Fair enough, I was kind of mentally prepared that this rabbit hole would lead to programming at some point. :sleepy:
not even sure how the linux kernel works, even less sure how openwrt's kmod packages interact with it, i.e. if the issue is with the kernel, with the kmod package (driver) or even with the firmware. Hell, I am not even sure why the firmware of the mt7915e chip is located on the root filesystem, I would expect this to be on the card itself but oh well.
I am eager to go deeper troubleshooting, just unsure where to look.
I wonder where I can find a shoulder to cry on (i.e. to bitch about this damn chip) :joy:

Looking through lspci again, I notice that for some devices, it appears the ASPM hasn't been disabled:

Capabilities: [40] Express (v2) Root Port (Slot+), MSI 00
		DevCap:	MaxPayload 256 bytes, PhantFunc 0
			ExtTag- RBE+
		DevCtl:	CorrErr- NonFatalErr- FatalErr- UnsupReq-
			RlxdOrd- ExtTag- PhantFunc- AuxPwr- NoSnoop-
			MaxPayload 128 bytes, MaxReadReq 128 bytes
		DevSta:	CorrErr- NonFatalErr- FatalErr- UnsupReq- AuxPwr+ TransPend-
		LnkCap:	Port #21, Speed 8GT/s, Width x4, ASPM L0s L1, Exit Latency L0s <1us, L1 <4us
			ClockPM- Surprise- LLActRep+ BwNot+ ASPMOptComp+
		LnkCtl:	ASPM L0s L1 Enabled; RCB 64 bytes, Disabled- CommClk-
			ExtSynch- ClockPM- AutWidDis- BWInt- AutBWInt-
		LnkSta:	Speed 2.5GT/s, Width x0
			TrErr- Train- SlotClk+ DLActive- BWMgmt- ABWMgmt-

even though I have pcie_aspm=off in grub.cfg

I tried booting a live installation on the x86 router - out of the 3 isos on my ventoy usb stick, only debian 22 booted up properly, kernel version is 6.1.0-18.
I couldnt boot a live environment for neither ubuntu nor manjaro - both would kernel panic. they boot just fine if I disconnect the wifi adapter which makes it definitely the culprit.

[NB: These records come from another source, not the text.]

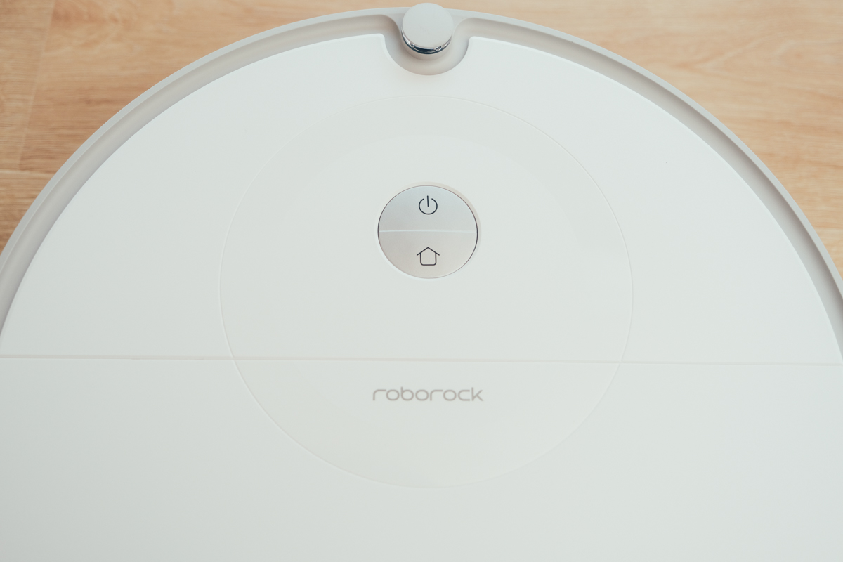 這次的 Roborock 石頭掃地機器人 E5 採用了白色配色設計,先前的 E4 則是黑色,在外觀的設計上同樣非常的有質感,在上方按鍵區也多了一圈亮面設計,如果這一圈設計成在充電時會呼吸亮燈循環,那應該看起來會很有科技感(下一代??)。
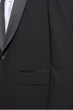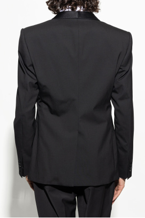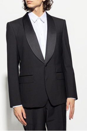 Black blazer from Dolce & Gabbana. Made of wool with a single-breasted silhouette, this style fastens with buttons and features a shawl collar with satin-blend lapels, one welt pocket, two flapped pockets and long sleeves with button cuffs.
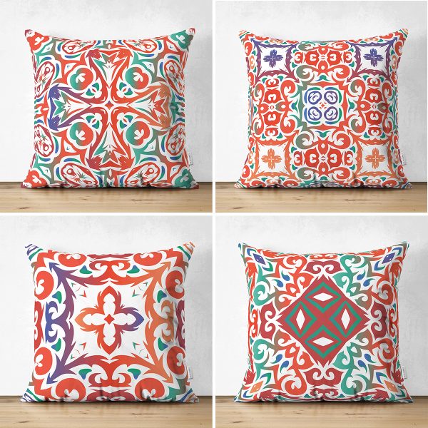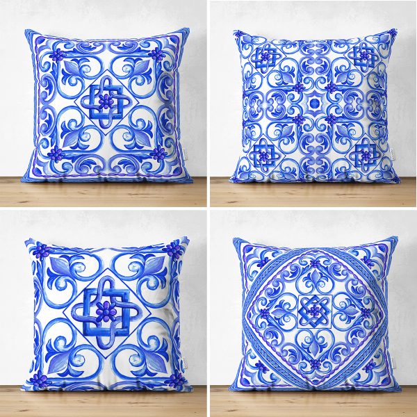 4’lü Çift Taraflı Beyaz Zemin Üzerinde Çini Desenli Modern Süet Yastık Kırlent Kılıf Seti
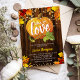 Um chá de panela de queda rústico perfeito para comemorações do outono. Apresentando um fundo de madeira escuro, uma abóbora reluzente com brilhos e o doce ditado "Cair no Amor", falso confetti dourado e luzes de fada reluzentes para adicionar romance e brilho, folhas coloridas em laranja, amarelo e marrom criando uma confortável vibração do outono e um modelo chá de panela que é fácil de personalizar.

In Debian however, I inspected dmesg and I could see that one of the PCI bridges is throwing errors, namely the same PCI bridge which is connected to the wifi adapter.

I booted into OpenWrt with grub option pci=nomsi and got kernel panic.

It is clear that the PCI bridge is not doing something it should be.